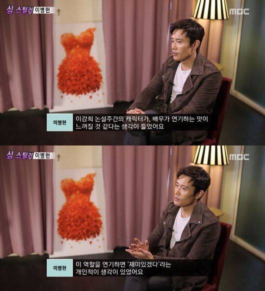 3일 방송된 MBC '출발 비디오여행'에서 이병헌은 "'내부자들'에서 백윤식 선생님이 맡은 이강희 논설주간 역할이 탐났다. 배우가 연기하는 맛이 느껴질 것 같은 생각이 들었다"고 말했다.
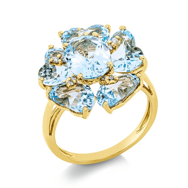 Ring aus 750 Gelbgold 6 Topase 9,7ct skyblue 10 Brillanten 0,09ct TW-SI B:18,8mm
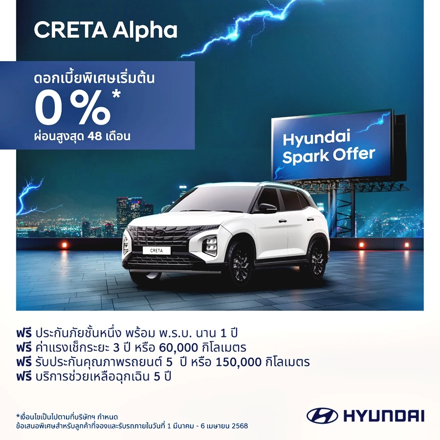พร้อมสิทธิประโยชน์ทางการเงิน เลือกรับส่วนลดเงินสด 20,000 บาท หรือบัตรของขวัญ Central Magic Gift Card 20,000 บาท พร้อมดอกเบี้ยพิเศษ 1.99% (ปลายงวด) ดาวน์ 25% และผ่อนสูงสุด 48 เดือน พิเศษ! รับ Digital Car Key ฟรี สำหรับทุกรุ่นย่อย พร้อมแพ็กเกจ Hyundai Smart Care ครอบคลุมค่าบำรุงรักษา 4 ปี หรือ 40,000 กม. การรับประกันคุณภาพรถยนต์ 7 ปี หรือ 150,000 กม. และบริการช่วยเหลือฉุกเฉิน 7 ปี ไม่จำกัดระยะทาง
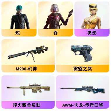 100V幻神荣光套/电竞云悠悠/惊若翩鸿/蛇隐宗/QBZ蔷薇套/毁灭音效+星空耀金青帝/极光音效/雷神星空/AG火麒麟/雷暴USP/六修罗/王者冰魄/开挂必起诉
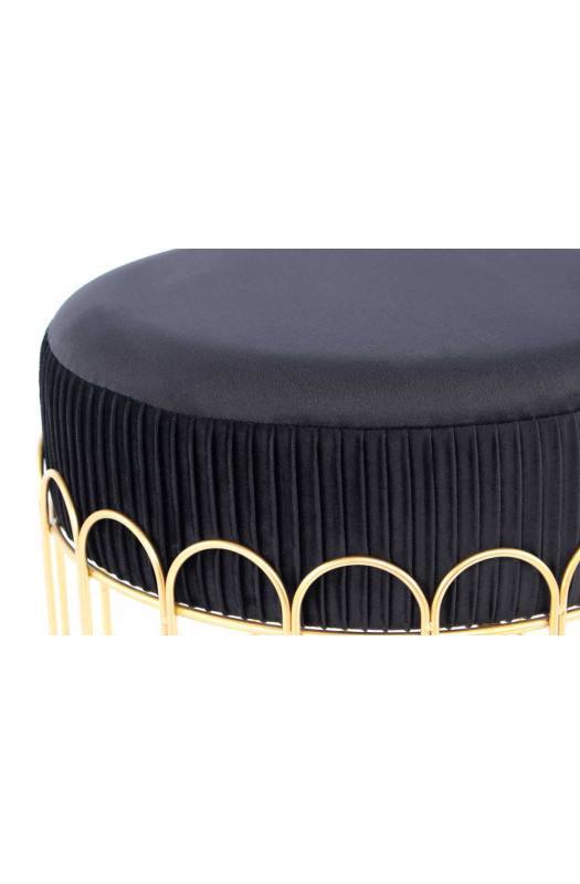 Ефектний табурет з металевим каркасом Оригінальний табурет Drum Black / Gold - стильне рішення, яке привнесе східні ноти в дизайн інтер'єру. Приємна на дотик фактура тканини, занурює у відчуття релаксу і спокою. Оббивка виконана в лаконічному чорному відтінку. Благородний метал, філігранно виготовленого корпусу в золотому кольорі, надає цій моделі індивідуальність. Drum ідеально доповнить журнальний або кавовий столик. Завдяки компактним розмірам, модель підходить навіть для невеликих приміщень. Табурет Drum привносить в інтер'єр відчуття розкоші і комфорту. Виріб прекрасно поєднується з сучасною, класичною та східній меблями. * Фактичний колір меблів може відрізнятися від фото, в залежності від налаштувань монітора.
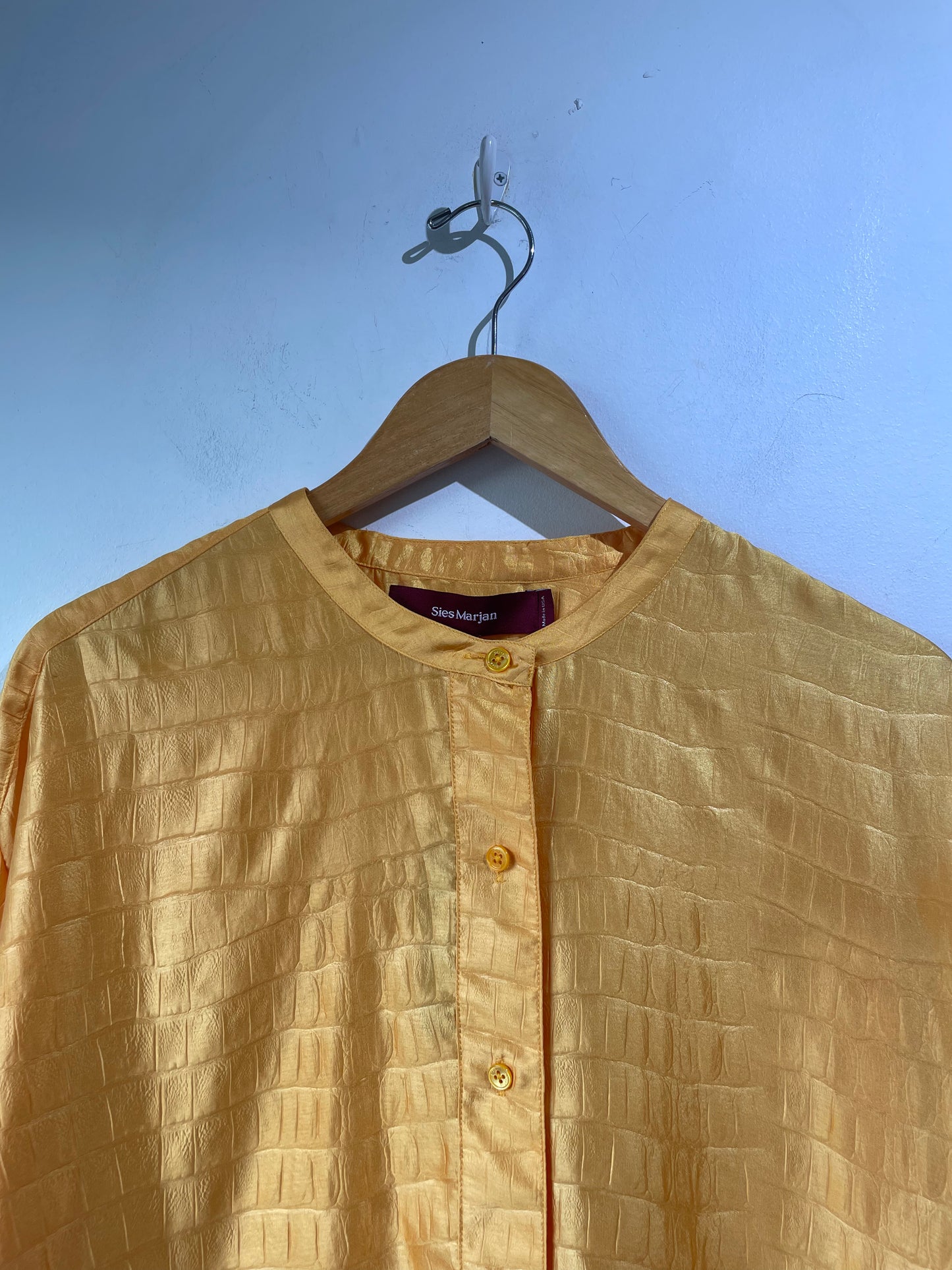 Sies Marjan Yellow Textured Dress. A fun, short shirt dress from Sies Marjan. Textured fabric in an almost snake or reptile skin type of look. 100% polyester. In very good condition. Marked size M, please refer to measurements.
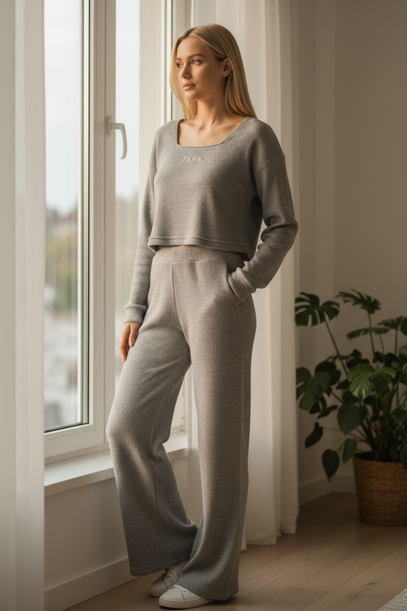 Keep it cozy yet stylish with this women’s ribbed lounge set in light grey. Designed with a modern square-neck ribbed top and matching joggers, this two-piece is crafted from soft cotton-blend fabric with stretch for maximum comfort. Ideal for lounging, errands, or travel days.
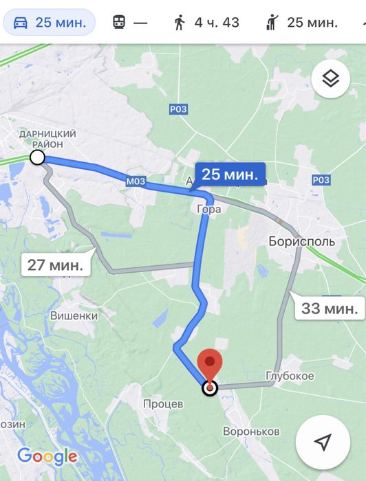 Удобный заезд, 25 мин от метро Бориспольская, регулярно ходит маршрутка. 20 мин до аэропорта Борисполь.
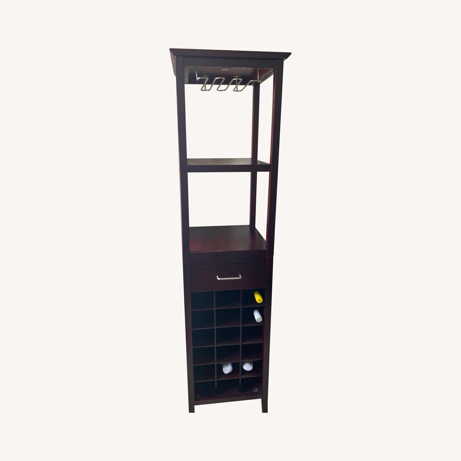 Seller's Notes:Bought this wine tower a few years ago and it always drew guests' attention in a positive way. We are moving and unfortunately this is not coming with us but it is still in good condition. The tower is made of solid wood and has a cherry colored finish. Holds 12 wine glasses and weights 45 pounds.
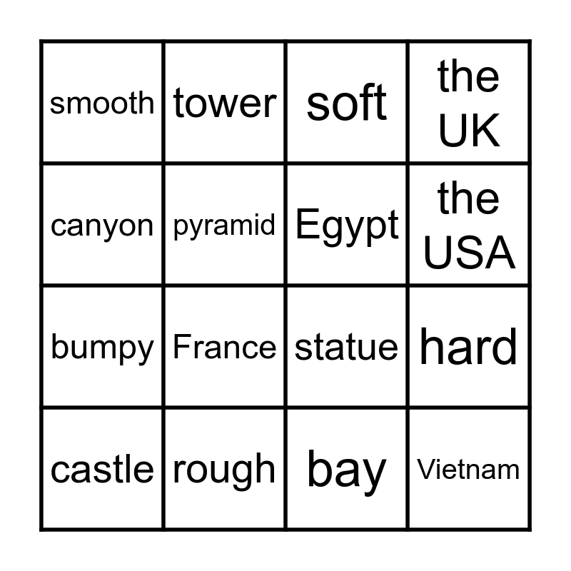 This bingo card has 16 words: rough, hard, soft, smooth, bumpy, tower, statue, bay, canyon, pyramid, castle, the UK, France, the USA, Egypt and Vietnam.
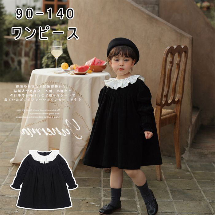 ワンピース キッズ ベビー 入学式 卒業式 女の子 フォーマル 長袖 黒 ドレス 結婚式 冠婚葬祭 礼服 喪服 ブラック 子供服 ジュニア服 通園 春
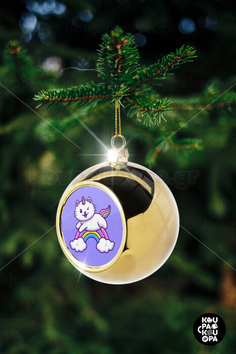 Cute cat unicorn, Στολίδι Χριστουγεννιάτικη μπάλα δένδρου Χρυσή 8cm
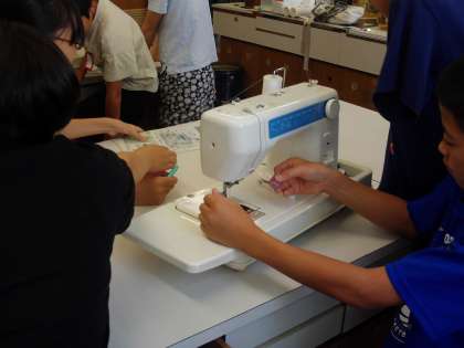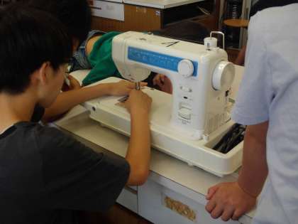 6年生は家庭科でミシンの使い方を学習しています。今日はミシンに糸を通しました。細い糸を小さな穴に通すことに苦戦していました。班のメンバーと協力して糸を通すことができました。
□ □ □
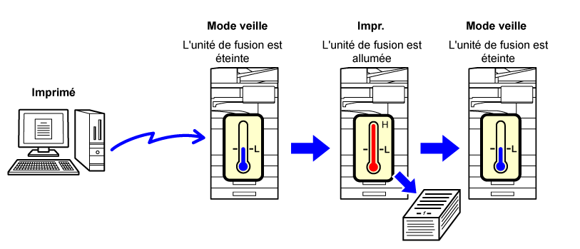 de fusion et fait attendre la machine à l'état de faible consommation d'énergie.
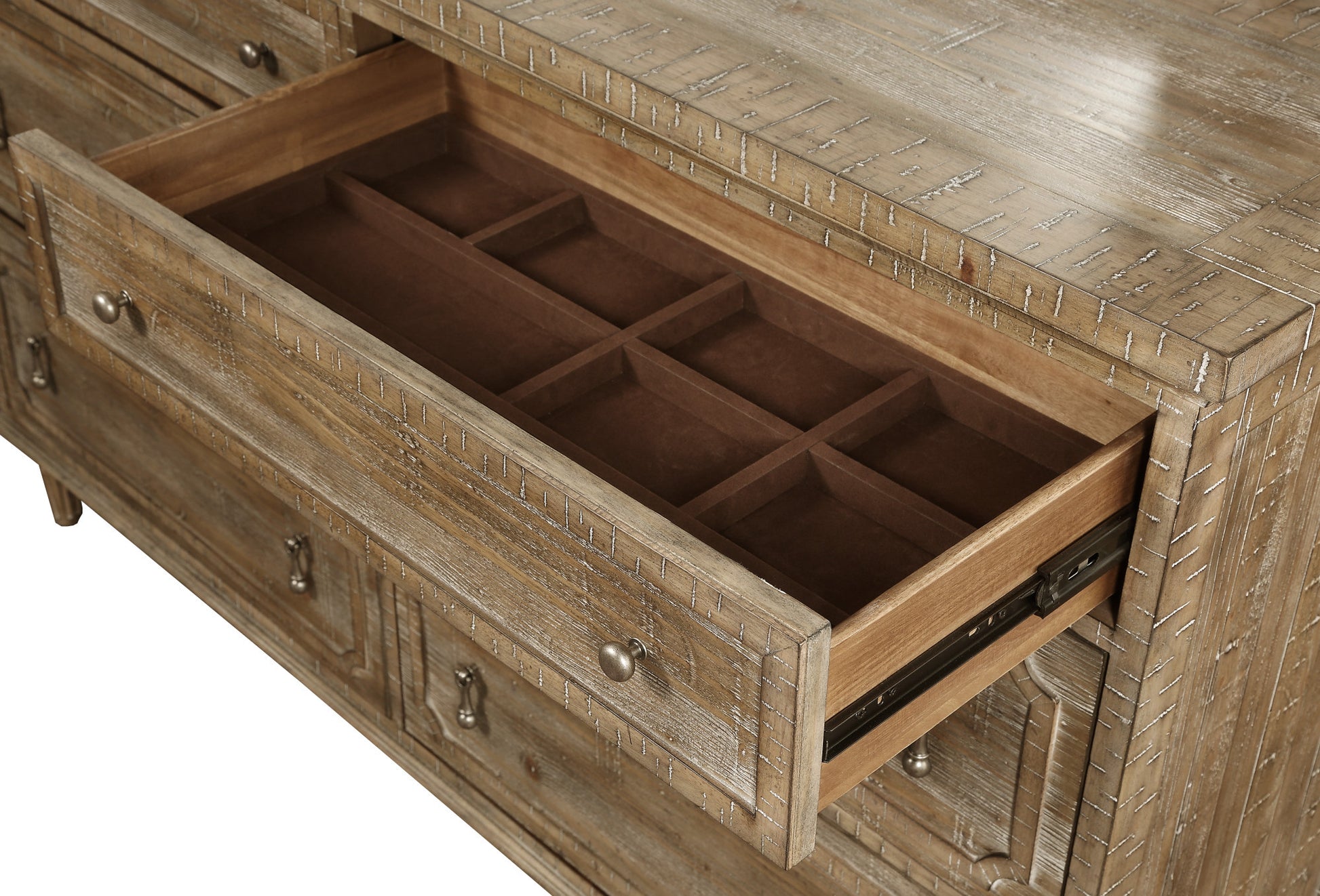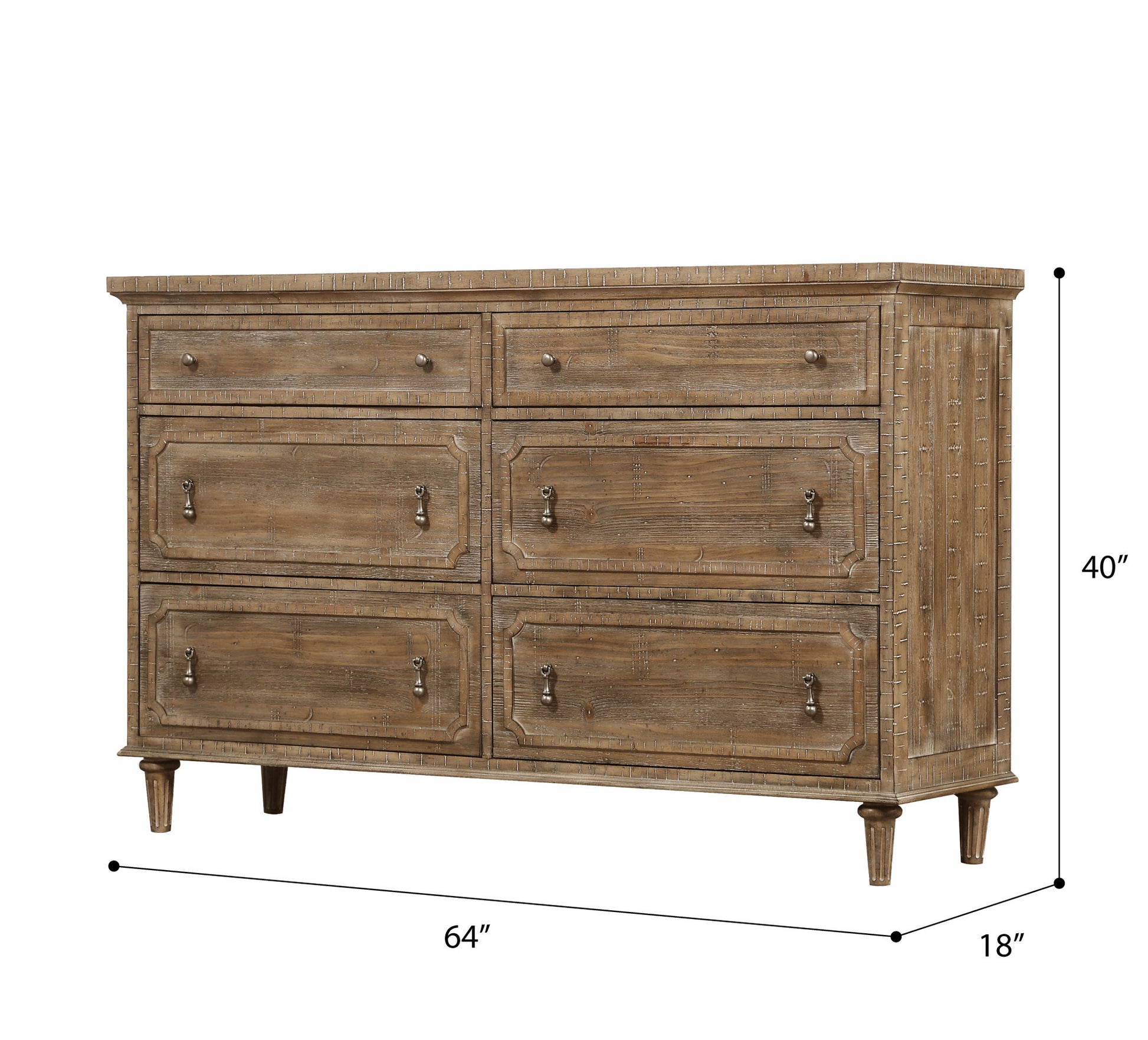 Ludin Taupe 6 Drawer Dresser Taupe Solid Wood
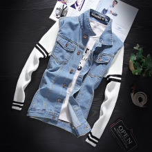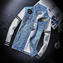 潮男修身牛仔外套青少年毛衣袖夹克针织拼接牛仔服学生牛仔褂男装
□ □ □
Exercise objective:
Out of the records above, set down only the lines from the one that contains "This bingo card" through the one that contains "6年生は家庭科でミシンの使い", unchanged and without the pictures.

Solution for this task:
 This bingo card has 16 words: rough, hard, soft, smooth, bumpy, tower, statue, bay, canyon, pyramid, castle, the UK, France, the USA, Egypt and Vietnam.
 ワンピース キッズ ベビー 入学式 卒業式 女の子 フォーマル 長袖 黒 ドレス 結婚式 冠婚葬祭 礼服 喪服 ブラック 子供服 ジュニア服 通園 春
 Cute cat unicorn, Στολίδι Χριστουγεννιάτικη μπάλα δένδρου Χρυσή 8cm
 6年生は家庭科でミシンの使い方を学習しています。今日はミシンに糸を通しました。細い糸を小さな穴に通すことに苦戦していました。班のメンバーと協力して糸を通すことができました。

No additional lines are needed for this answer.